▸ Records for this exercise:
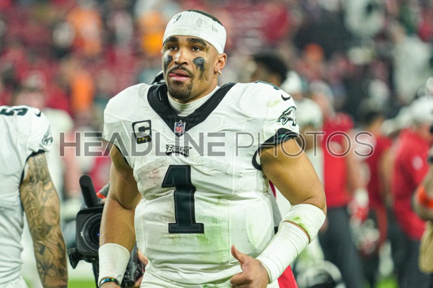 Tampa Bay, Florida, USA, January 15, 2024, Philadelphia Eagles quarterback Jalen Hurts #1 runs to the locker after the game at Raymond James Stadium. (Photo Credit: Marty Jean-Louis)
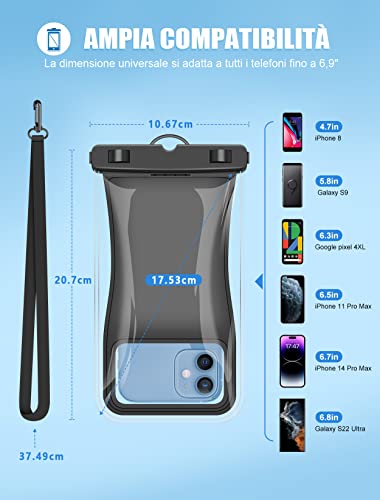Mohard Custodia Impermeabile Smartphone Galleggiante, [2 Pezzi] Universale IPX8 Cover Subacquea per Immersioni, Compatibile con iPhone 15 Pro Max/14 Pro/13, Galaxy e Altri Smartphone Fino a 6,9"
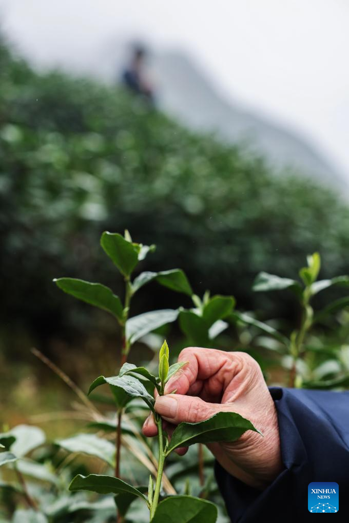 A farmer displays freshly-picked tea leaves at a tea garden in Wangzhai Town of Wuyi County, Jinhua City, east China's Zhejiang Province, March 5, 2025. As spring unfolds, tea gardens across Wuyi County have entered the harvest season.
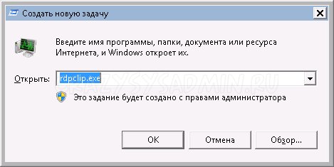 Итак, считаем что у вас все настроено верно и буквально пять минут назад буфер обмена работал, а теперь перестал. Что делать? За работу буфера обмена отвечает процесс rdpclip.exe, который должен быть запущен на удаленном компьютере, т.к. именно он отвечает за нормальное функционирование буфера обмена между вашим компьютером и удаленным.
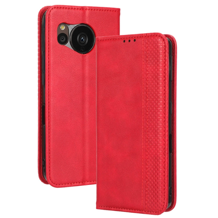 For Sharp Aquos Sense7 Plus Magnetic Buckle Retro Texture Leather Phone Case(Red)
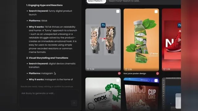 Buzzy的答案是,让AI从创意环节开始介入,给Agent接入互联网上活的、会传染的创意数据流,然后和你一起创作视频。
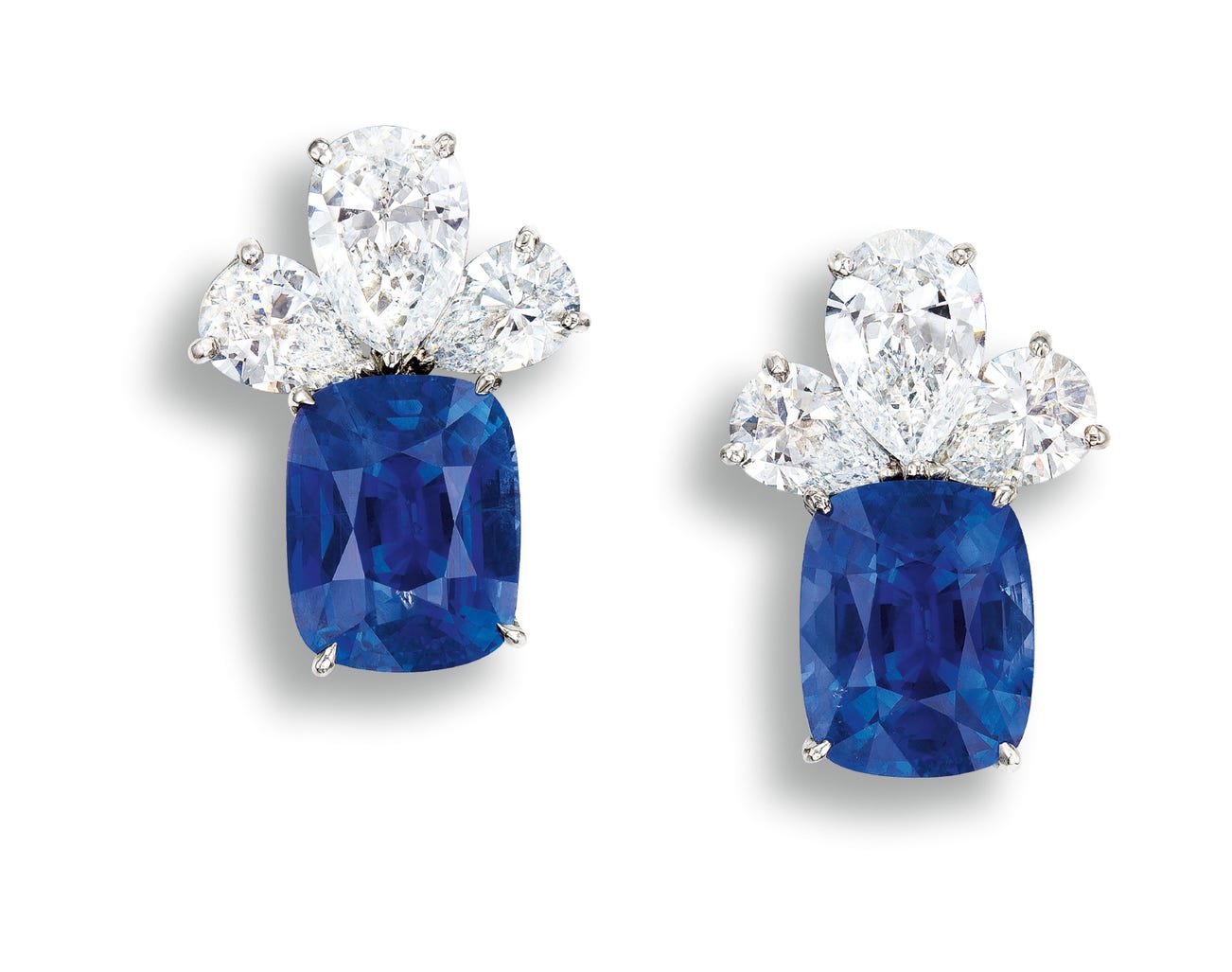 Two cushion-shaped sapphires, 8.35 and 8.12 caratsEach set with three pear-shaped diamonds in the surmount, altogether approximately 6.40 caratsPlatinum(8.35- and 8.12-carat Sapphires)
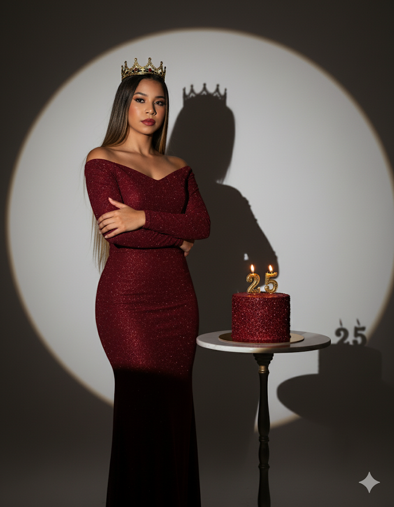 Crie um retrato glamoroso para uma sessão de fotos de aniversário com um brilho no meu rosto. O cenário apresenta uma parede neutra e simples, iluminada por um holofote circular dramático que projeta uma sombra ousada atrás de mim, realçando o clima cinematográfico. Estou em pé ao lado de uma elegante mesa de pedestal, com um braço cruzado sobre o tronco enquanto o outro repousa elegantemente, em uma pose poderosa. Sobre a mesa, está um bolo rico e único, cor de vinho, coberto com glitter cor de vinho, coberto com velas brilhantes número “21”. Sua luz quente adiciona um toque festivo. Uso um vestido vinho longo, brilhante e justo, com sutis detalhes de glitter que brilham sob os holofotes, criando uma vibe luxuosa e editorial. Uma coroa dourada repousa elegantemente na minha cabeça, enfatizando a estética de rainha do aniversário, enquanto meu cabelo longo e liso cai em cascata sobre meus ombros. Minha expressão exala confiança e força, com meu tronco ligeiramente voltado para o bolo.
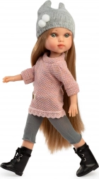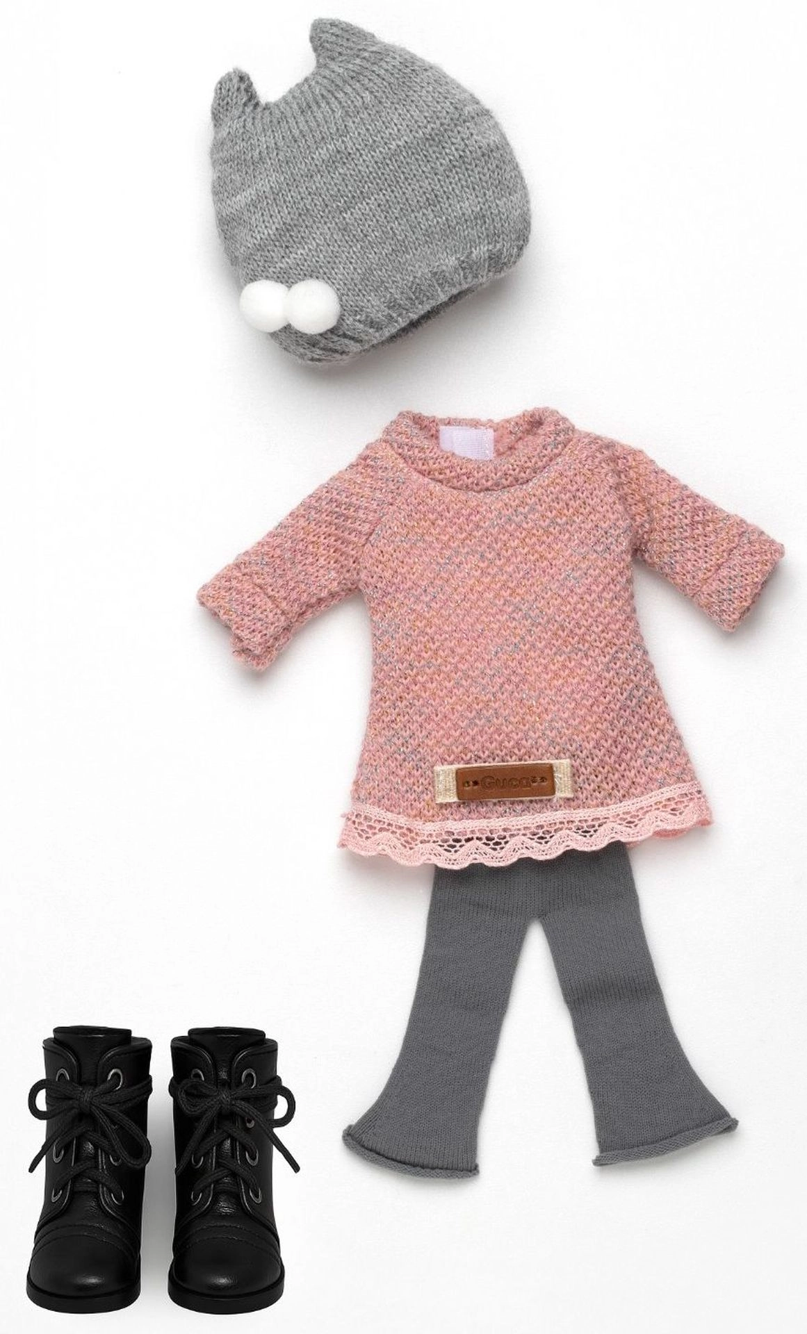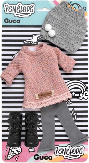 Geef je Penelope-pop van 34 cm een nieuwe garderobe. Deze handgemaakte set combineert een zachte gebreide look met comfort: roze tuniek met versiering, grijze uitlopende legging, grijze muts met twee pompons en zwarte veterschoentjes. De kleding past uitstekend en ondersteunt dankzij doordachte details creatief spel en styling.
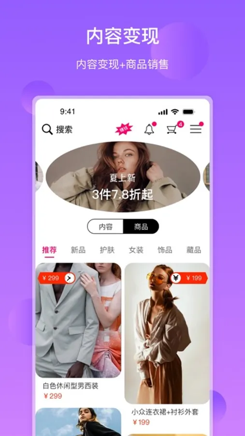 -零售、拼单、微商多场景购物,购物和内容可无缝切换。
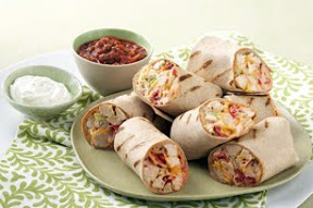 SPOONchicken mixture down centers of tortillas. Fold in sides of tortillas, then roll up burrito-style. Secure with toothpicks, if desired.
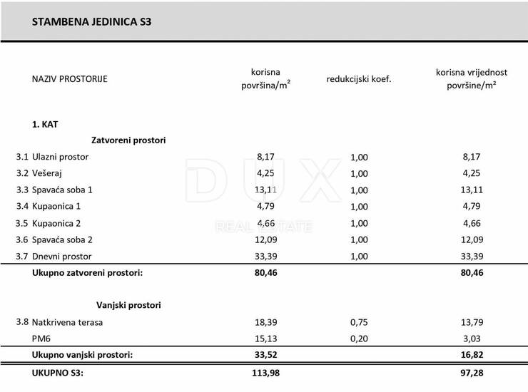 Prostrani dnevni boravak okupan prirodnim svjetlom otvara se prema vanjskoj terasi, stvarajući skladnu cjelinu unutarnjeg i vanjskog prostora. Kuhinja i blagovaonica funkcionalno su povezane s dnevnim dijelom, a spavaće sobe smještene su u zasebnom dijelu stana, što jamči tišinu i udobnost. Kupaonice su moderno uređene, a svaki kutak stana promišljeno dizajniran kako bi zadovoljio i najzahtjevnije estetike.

▸ Task to carry out: Return the material from the line containing "Итак, считаем что" through the line containing "Two cushion-shaped sapphires, 8.35", exactly and in full, but without its pictures.

▸ Response area:
 Итак, считаем что у вас все настроено верно и буквально пять минут назад буфер обмена работал, а теперь перестал. Что делать? За работу буфера обмена отвечает процесс rdpclip.exe, который должен быть запущен на удаленном компьютере, т.к. именно он отвечает за нормальное функционирование буфера обмена между вашим компьютером и удаленным.
 For Sharp Aquos Sense7 Plus Magnetic Buckle Retro Texture Leather Phone Case(Red)
 Buzzy的答案是,让AI从创意环节开始介入,给Agent接入互联网上活的、会传染的创意数据流,然后和你一起创作视频。
 Two cushion-shaped sapphires, 8.35 and 8.12 caratsEach set with three pear-shaped diamonds in the surmount, altogether approximately 6.40 caratsPlatinum(8.35- and 8.12-carat Sapphires)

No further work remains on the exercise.